● ASSIGNMENT: With the pictures left aside, write out exactly the lines of the listing below from the line with "- Click the" to the line with "Предусмотрен в боте", both included, and only those.

● SUPPLIED ENTRIES:
----------------------------------------
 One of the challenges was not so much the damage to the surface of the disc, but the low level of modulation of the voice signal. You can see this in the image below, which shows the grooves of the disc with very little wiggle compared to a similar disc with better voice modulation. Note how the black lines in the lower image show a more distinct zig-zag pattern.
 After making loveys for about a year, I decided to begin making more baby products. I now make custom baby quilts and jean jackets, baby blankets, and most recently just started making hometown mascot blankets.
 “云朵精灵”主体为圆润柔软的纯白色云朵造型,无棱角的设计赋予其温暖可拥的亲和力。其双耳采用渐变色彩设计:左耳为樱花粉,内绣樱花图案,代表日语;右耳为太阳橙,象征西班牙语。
----------------------------------------
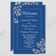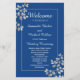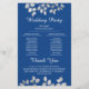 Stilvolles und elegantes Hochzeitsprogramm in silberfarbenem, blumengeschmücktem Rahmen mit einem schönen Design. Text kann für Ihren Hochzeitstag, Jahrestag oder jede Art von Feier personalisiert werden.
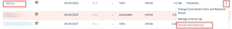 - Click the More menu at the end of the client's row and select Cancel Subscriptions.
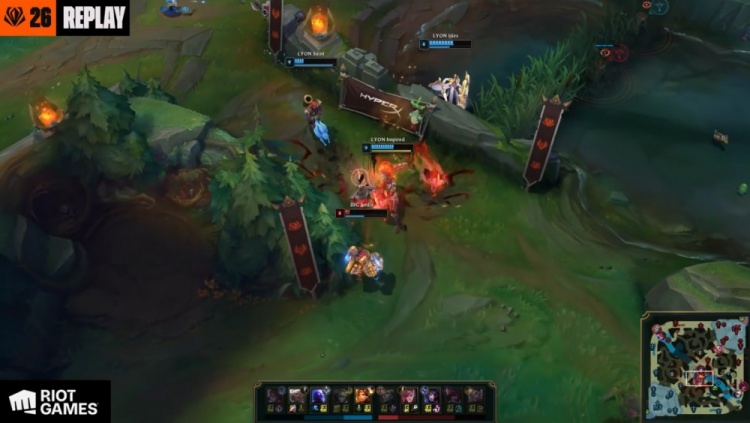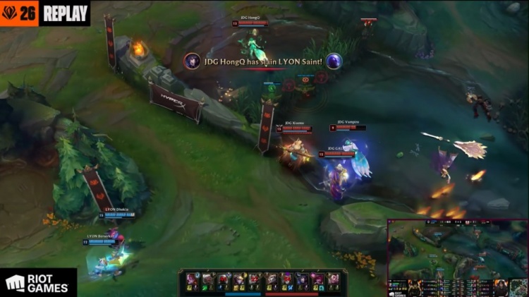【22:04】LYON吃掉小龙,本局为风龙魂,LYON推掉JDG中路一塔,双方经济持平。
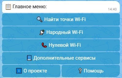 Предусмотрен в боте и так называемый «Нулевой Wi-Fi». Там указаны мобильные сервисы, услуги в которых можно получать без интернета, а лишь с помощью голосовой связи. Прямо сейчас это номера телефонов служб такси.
----------------------------------------
● THE COMPLETED TASK:
 - Click the More menu at the end of the client's row and select Cancel Subscriptions.
【22:04】LYON吃掉小龙,本局为风龙魂,LYON推掉JDG中路一塔,双方经济持平。
 Предусмотрен в боте и так называемый «Нулевой Wi-Fi». Там указаны мобильные сервисы, услуги в которых можно получать без интернета, а лишь с помощью голосовой связи. Прямо сейчас это номера телефонов служб такси.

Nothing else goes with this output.